Allianz Life
- Formerly: North American Casualty (1896-1912); North American Life and Casualty (1912-1993);
- Type: Subsidiary
- Industry: Financial services
- Founded: 1896; 130 years ago
- Headquarters: Golden Valley, Minnesota
- Key people: Jasmine Jirele (CEO)
- Products: Insurance
- Parent: Allianz
- Website: allianzlife.com

= Allianz Life =

Provides annuities and life insurance products in the United States

Allianz Life is an American life insurance company owned by German global financial services group Allianz. The company provides services in all states except for New York, where annuities and life insurance products are offered by Allianz Life Insurance Company of New York.

Allianz Life offers various products, including fixed and variable annuities and life insurance. These products are offered through a network of more than 100,000 agents nationwide.

The company is a principal subsidiary of Allianz, a European global financial services group that is the 31st largest corporation in the world based on revenue (Fortune Global 500, July 2013). Allianz SE employs nearly 155,000 people worldwide.

== History ==

Allianz Life Insurance Company of North America began as North American Casualty, started by Henry M. Little of Minneapolis, Minnesota in 1896. In 1912, North American Casualty merged with North American Life Association – founded in 1905 by Zeke H. Austin with capital from Henry Little – to become North American Life and Casualty (NALAC). Howell Palmeroy Skoglund (known as H. P. Skoglund) was the company's president from 1933 to 1965 as well as one of the original owners of the Minnesota Vikings.

In 1979, North American Life and Casualty Co. was acquired by Allianz, a German conglomerate, which renamed the company Allianz Life Insurance Co. of North America in 1993.

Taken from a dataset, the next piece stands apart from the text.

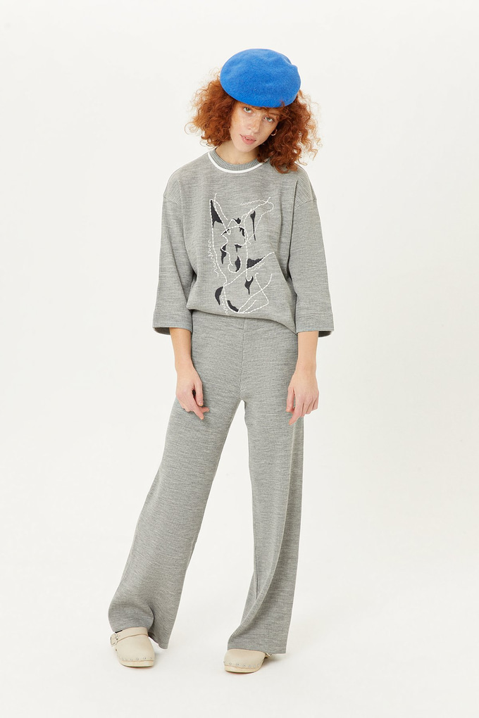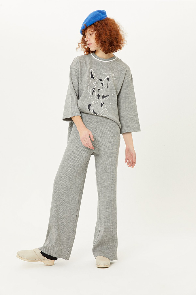 Geniş Kesim Gri Triko Pantolon (40121025_GRIMELANJ)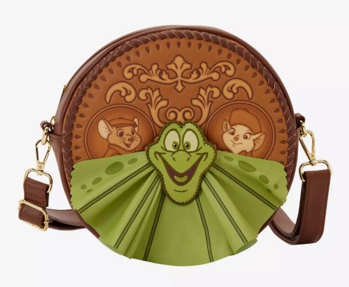 The Loungefly Rescuers Down Under Crossbody Bag is in the shape of a circle and features Frank on the front! Behind him, you’ll find designs of Bernard and Miss Bianca, which can be hidden behind Frank’s neck frill. This frill extends out and up to cover the front of the bag, giving it an interactive element. The back also includes the silhouette of an albatross. Pick yours up today!

Today, Allianz Life and Allianz Life of NY are the only Allianz Group subsidiaries providing life insurance in the U.S.

In 2010, Allianz Life was recognized by the Minneapolis Star Tribune as one of the top 100 workplaces in the Twin Cities, ranking fifth on the list of top public companies. Allianz Life was also honored that year as one of Minneapolis/St. Paul Business Journal’s Best Places to Work winners, ranking eighth on the list of large companies with more than 1,000 full-time Minnesota employees.

On July 25, 2017, Allianz became the title sponsor of MLS's Minnesota United FC stadium in Saint Paul, Allianz Field.

In July 2020, SIMON Annuities and Insurance Services LLC agreed to add Allianz Life Insurance Company of North America to the Raymond James investment management annuity network and digital marketplace.

In July 2025, Allianz Life reported a cyber security incident in June 2025, in which the data about "a majority" of its clients was stolen.

On December 2025, Allianz became the Worldwide Insurance Partner of the International Olympic and Paralympic Movements of the 2026 Winter Olympics, as well as the 2028 Summer Olympic and Paralympic Games

In July 2026, HSBC announced to sell their health and life insurance business to Allianz. The transaction is expected to close in 2027.